Reuben rips his clothes when he finds Joseph gone. “To eat bread.” This shows the cold and heartless cruelty of their deed. “A caravan” - a company of travelling merchants. “Ishmaelites.” Ishmael left his father’s house when about fourteen or fifteen years of age. His mother took him a wife probably when he was eighteen, or twenty at the furthest. He had arrived at the latter age about one hundred and sixty-two years before the date of the present occurrence. He had twelve sons Genesis 25:13-15, and if we allow only four other generations and a fivefold increase, there will be about fifteen thousand in the fifth generation. “Came from Gilead;” celebrated for its balm Jeremiah 8:22; Jeremiah 46:11. The caravan road from Damascus to Egypt touches upon the land of Gilead, goes through Beth-shean, and passes by Dothan. “Spicery.” This gum is called tragacanth, or goats-thorn gum, because it was supposed to be obtained from this plant. “Balm,” or balsam; an aromatic substance obtained from a plant of the genus Amyris, a native of Gilead. “Myrrh” is the name of a gum exuding from the balsamodendron myrrha, growing in Arabia Felix. “Lot,” however, is supposed to be the resinous juice of the cistus or rock rose, a plant growing in Crete and Syria. Judah, relenting, and revolting perhaps from the crime of fratricide, proposes to sell Joseph to the merchants.

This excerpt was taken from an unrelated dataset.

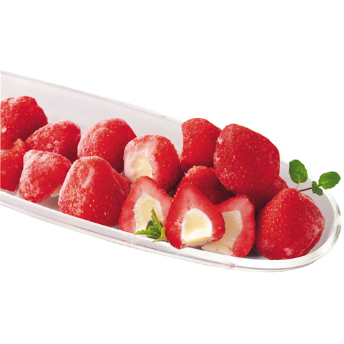 送料無料 冷凍苺の中心を丁寧にくり抜いて、練乳味のアイスを絞り込みました。

Midianites and Medanites Genesis 37:36 are mere variations apparently of the same name. They seem to have been the actual purchasers, though the caravan takes its name from the Ishmaelites, who formed by far the larger portion of it. Midian and Medan were both sons of Abraham, and during one hundred and twenty-five years must have increased to a small clan. Thus, Joseph is sold to the descendants of Abraham. “Twenty silver pieces;” probably shekels. This is the rate at which Moses estimates a male from five to twenty years old Leviticus 27:5. A man-servant was valued by him at thirty shekels Exodus 21:32. Reuben finding Joseph gone, rends his clothes, in token of anguish of mind for the loss of his brother and the grief of his father.

Genesis 37:31-36

The brothers contrive to conceal their crime; and Joseph is sold into Egypt. “Torn, torn in pieces is Joseph.” The sight of the bloody coat convinces Jacob at once that Joseph has been devoured by a wild beast. “All his daughters.” Only one daughter of Jacob is mentioned by name. These are probably his daughters-in-law. “To the grave.” Sheol is the place to which the soul departs at death. It is so called from its ever craving, or being empty. “Minister.” This word originally means eunuch, and then, generally, any officer about the court or person of the sovereign. “Captain of the guards.” The guards are the executioners of the sentences passed by the sovereign on culprits, which were often arbitrary, summary, and extremely severe. It is manifest, from this dark chapter, that the power of sin has not been extinguished in the family of Jacob. The name of God does not appear, and his hand is at present only dimly seen among the wicked designs, deeds, and devices of these unnatural brothers. Nevertheless, his counsel of mercy standeth sure, and fixed is his purpose to bring salvation to the whole race of man, by means of his special covenant with Abraham.